Wednesday, April 23, 2014
By Juliet Eilperin And Amy Goldstein
The Washington Post
WASHINGTON — For the second time in a year, the Obama administration is giving certain employers extra time before they must offer health insurance to almost all full-time workers.
Under new rules announced Monday by Treasury Department officials, employers with 50 to 99 workers will be given until 2016 – two years longer than originally envisioned under the Affordable Care Act – before they risk a federal penalty for not complying.
Companies with 100 workers, instead of being required in 2015 to offer coverage to 95 percent of full-time workers, can avoid a fine by offering insurance to 70 percent of them next year.
How the administration would define employer requirements has been one of the biggest remaining questions about the way the 2010 health-care law will work in practice. By providing dual phase-ins for employers of different sizes, administration officials have sought to lighten the burden on the small share of affected employers that have not offered insurance in the past.
Many across the ideological spectrum view the delays as an effort by the White House to defuse another health-care controversy before the fall midterm elections. The new postponements won over part, but not all, of the business community.
Congressional Republicans seized on the announcement as the latest justification for scrapping the health-care law. They said it is unfair to delay rules for businesses, but not individuals.
“If unilateral delays were an Olympic sport, the White House would sweep the gold, silver, and bronze,” House Energy and Commerce Committee Chairman Fred Upton, R-Mich., said in a statement.
Originally, the employer mandate – which affects companies employing 72 percent of all Americans – was to have gone into effect Jan. 1.
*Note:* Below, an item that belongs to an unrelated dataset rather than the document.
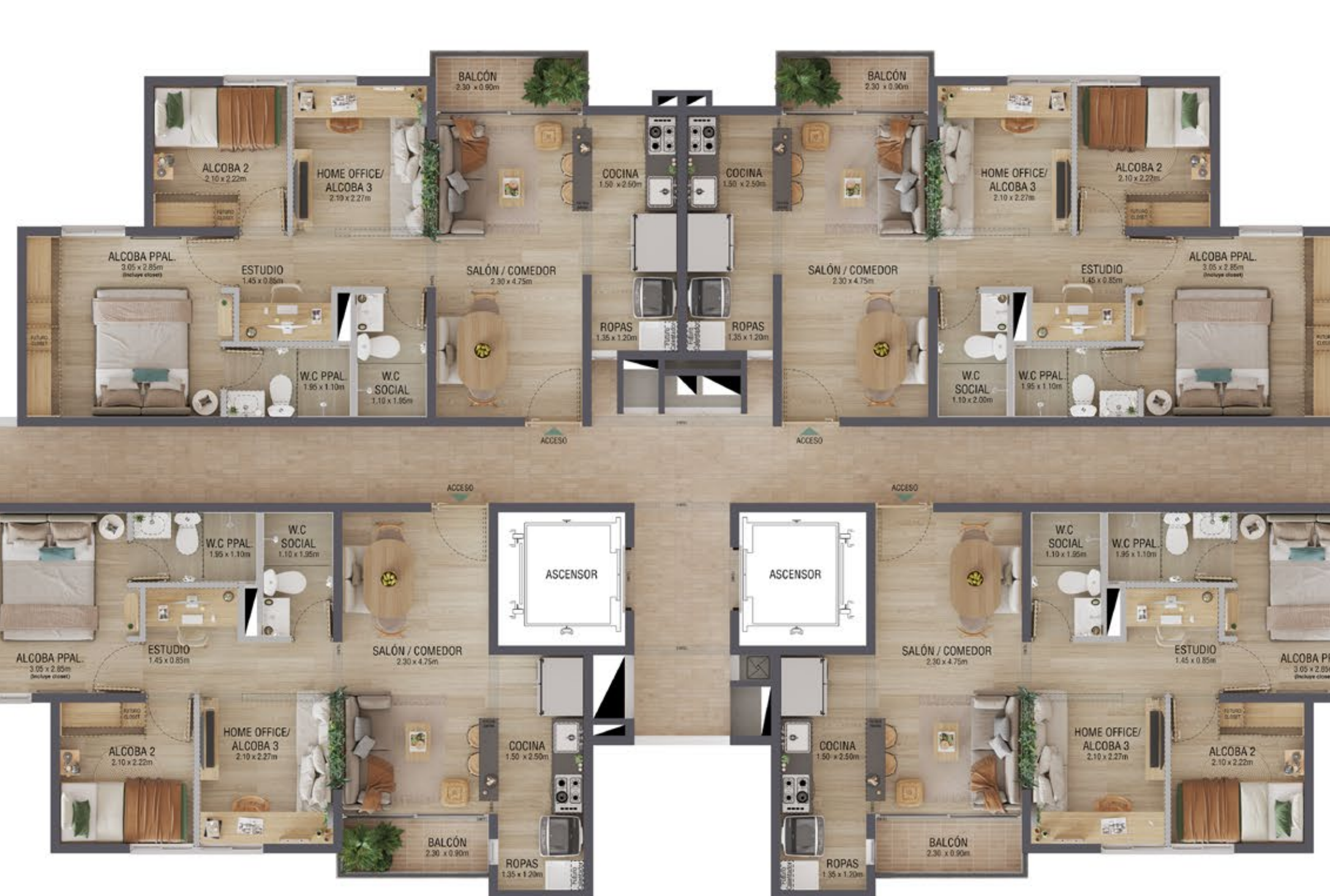
TIPO 2 Área total construida 52 m 2 Área total privada 46,46m 2

A senior administration official said the Treasury Department decided to allow medium-size businesses more latitude because they “need a little more time to adjust to providing coverage.”
The law says that anyone who works 30 hours or more is a full-time employee, and it compels many employers to offer affordable insurance to those workers and dependents. It defines affordable as premiums of no more than 9.5 percent of an employee’s income, and employers must pay for the equivalent of 60 percent of the actuarial value of a worker’s coverage. Businesses that fail to do so will face a fine of up to $2,000 for each employee not offered coverage.
Under the health-care law, employers with fewer than 50 workers do not have to offer insurance. They will be allowed to buy health plans through new marketplaces available next fall.
Until now, the government had not spelled out important details of the health care law. Nor had it defined exactly what insurance benefits must be covered by employer-sponsored health plans.
Administration officials said Monday that they will issue a separate set of rules in coming weeks covering questions about how employers must report workers’ insurance status.
Senior administration officials said the latest postponement will have little impact, because the vast majority of employers have fewer than 50 workers.
But employees of bigger companies represent a much larger fraction of the U.S. workforce, with more than seven in 10 at companies and organizations that employ 100 or more people.
Trade associations – which represent many of the U.S. businesses affected by the new requirements – had a mixed reaction to the rules.
The changes pleased fire companies, which feared they’d be required to offer insurance to volunteer firefighters. The rule also said that educators who have summers off are nonetheless to be treated as full-time workers entitled to be offered coverage. And seasonal workers – such as farmworkers or extra department-store hires around Christmastime – are considered full time only if they work for at least half the year.